◆ Assigned task:
With the pictures left aside, write out exactly the lines of the listing below from the line with "MONDIAZ THOR-DLUX 100cm" to the line with "网易云说唱周榜自上线以来,持", both included, and only those.

◆ Task inputs:
^^^^^^^^^^^^^^^^
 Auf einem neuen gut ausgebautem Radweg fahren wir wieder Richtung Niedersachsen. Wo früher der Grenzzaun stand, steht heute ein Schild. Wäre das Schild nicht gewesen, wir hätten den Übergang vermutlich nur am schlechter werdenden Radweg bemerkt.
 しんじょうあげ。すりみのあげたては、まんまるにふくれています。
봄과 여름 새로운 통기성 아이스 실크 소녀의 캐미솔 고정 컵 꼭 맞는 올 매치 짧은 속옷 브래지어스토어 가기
^^^^^^^^^^^^^^^^
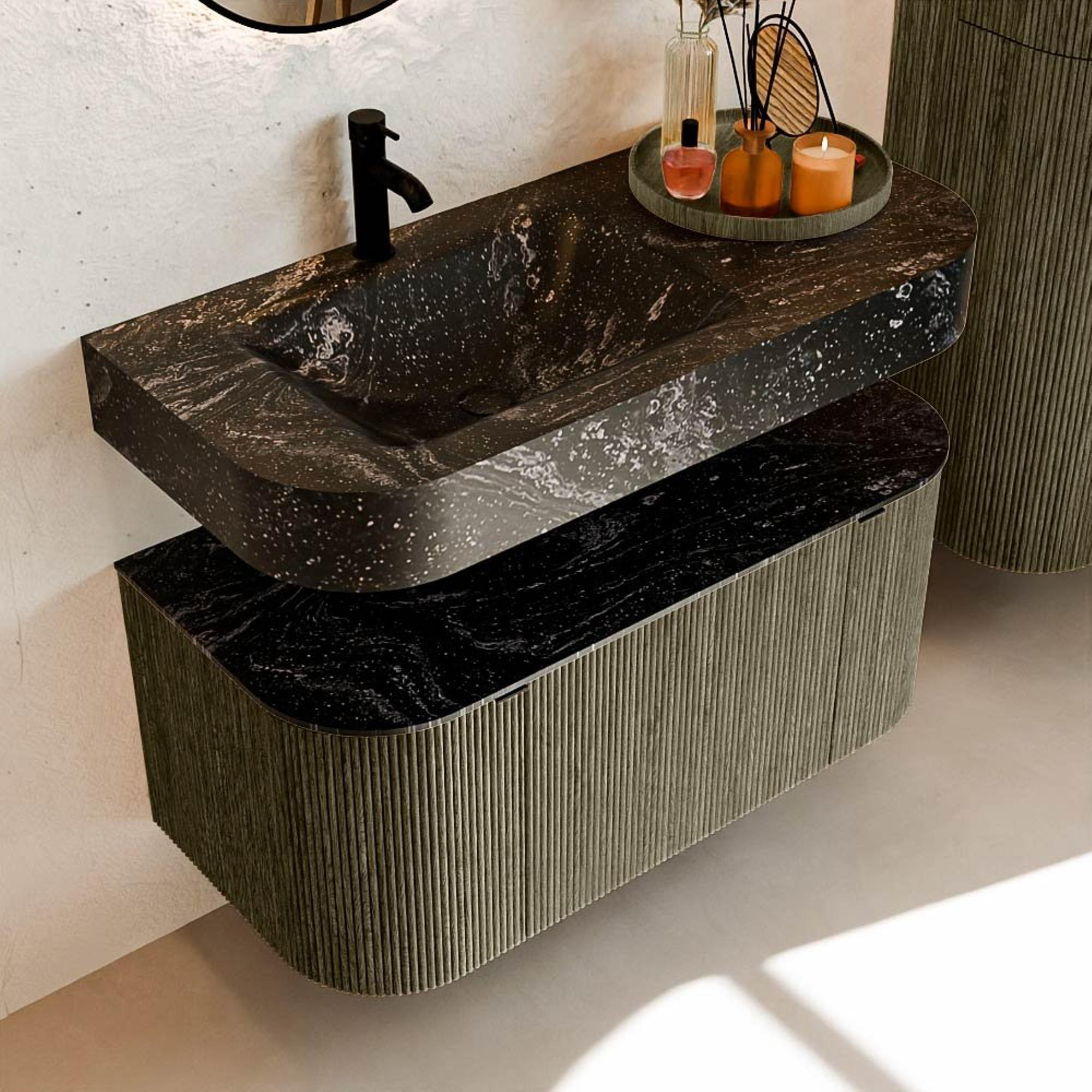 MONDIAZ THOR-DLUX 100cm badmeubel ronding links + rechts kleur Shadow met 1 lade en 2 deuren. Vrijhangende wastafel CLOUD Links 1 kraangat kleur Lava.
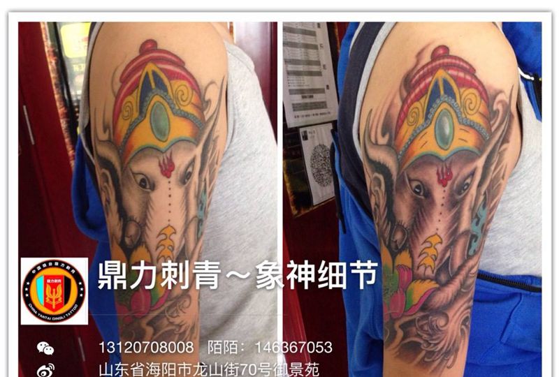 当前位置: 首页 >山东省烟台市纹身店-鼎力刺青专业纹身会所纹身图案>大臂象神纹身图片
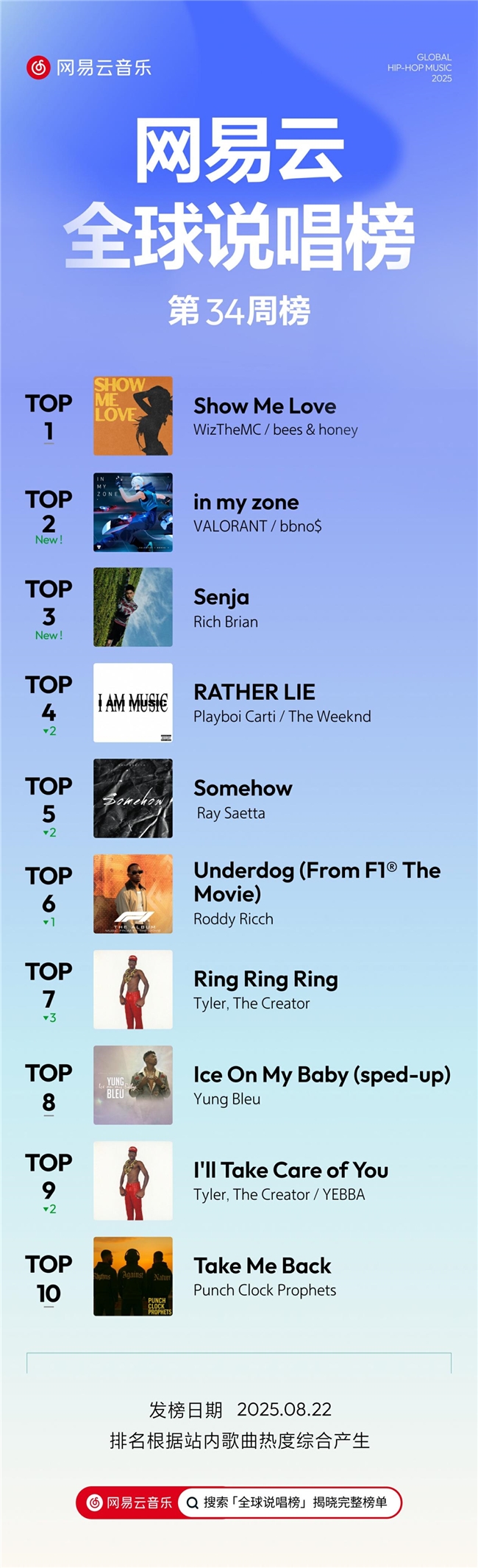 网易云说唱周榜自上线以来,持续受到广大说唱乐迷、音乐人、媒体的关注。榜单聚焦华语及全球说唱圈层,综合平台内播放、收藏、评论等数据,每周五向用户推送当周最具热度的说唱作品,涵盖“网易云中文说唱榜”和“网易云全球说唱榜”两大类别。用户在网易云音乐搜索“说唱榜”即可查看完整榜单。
^^^^^^^^^^^^^^^^
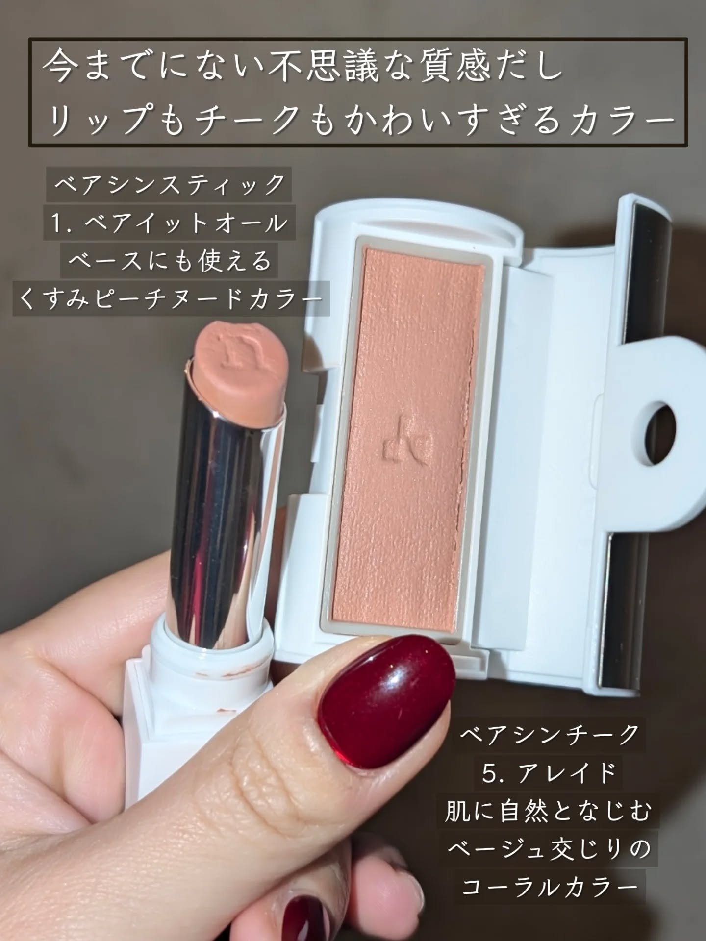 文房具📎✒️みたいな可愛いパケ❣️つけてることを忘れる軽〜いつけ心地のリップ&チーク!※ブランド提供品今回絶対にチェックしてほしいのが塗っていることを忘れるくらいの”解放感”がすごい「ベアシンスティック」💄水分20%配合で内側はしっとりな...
^^^^^^^^^^^^^^^^
◆ Reply to the task:
 MONDIAZ THOR-DLUX 100cm badmeubel ronding links + rechts kleur Shadow met 1 lade en 2 deuren. Vrijhangende wastafel CLOUD Links 1 kraangat kleur Lava.
 当前位置: 首页 >山东省烟台市纹身店-鼎力刺青专业纹身会所纹身图案>大臂象神纹身图片
 网易云说唱周榜自上线以来,持续受到广大说唱乐迷、音乐人、媒体的关注。榜单聚焦华语及全球说唱圈层,综合平台内播放、收藏、评论等数据,每周五向用户推送当周最具热度的说唱作品,涵盖“网易云中文说唱榜”和“网易云全球说唱榜”两大类别。用户在网易云音乐搜索“说唱榜”即可查看完整榜单。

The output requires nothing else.